The mayor’s office rescinded the controversial amendment, and grantees have received a letter explaining it as an “over-correction” just moments after the censorship push made national headlines.

The Washington Project for the Arts, one of the nonprofits that led the fight against the censorship amendment (photo courtesy the Washington Project for the Arts)

Just days after the DC Commission on the Arts and Humanities (DCCAH) issued an eleventh-hour amendment on its already-signed contracts with grantees that prohibited “lewd, lascivious, vulgar, overtly political, and/or excessively violent” projects from being funded, Mayor Muriel Bowser’s office rescinded the controversial guidelines.

On Thursday evening, DCCAH sent a letter to all its grantees explaining that the amendment was an “over-correction” and has been officially rescinded.

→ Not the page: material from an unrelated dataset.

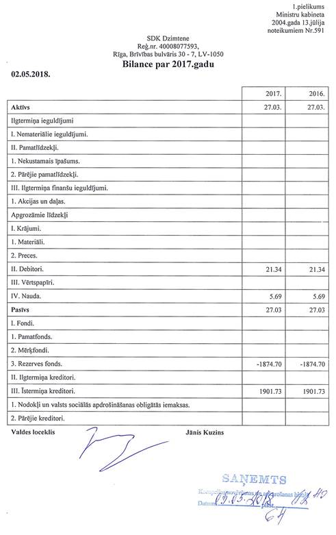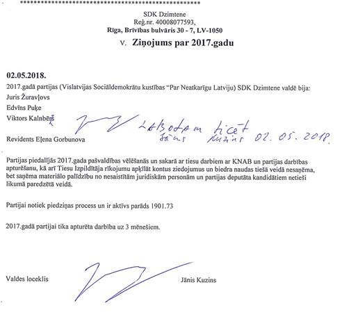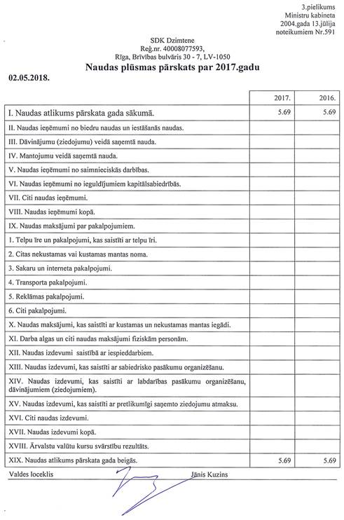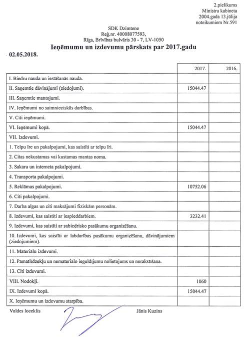 Politiskās partijas "SDK Dzimtene", reģ. Nr. 40008077593, gada pārskats par 2017.gadu

Ward 2 Councilmember Jack Evan initially confirmed the news to the Washington City Paper. “It should never have been sent out in the first place,” he said. “We should not be censoring artwork or anything of that nature. It was not well thought out.”

Evans added that Rhona Friedman, an attorney and Ward 2 DCCAH commissioner alerted him to the amendment. He later spoke with the mayor’s chief of staff, John Falcicchio, who confirmed that the amendment would be rescinded.

Friedman’s apparent dismay about the updated contract agreement gives credence to rumors that the censorship push came from inside DCCAH’s staff and not from the commissioners overseeing the organization. There are, however, conflicted accounts. The contract was signed by Angie Gates, the commission’s interim executive director, and general counsel. But an email has circulated over the last few days by one commission member who says that “commissioners weren’t made aware of this before it was sent out to the grantees.”

Responding to Hyperallergic’s request for comment, DCCAH spokesperson Jeffrey Scott indirectly confirmed the amendment’s rescindment in a message of support to the city’s arts community:

“The Bowser Administration stands firmly behind our shared DC Values and will always strive to uphold our mission of service to the District and its residents. The DC Commission on Arts and Humanities believes deeply in the right to freedom of expression and would never seek to violate that right by censoring the work of any grantee.
Mayor Bowser’s steadfast commitment to our diverse and vibrant Arts and Humanities community will not waiver. We look forward to a continued investment and collaboration with our District creative community.”

Although the mayor’s office plans to rescind the order, it’s not expressly clear what that would mean for artists and nonprofits that have already resubmitted their contracts with the censorships clause intact.

The quick demise of the amended contract is largely a credit to DC’s intimate network of artists and nonprofits. Groups like the Washington Project of the Arts and International Arts & Artists alerted the media to the story while a local critical arts writing collective, DIRT, publicized the censorship controversy on social media.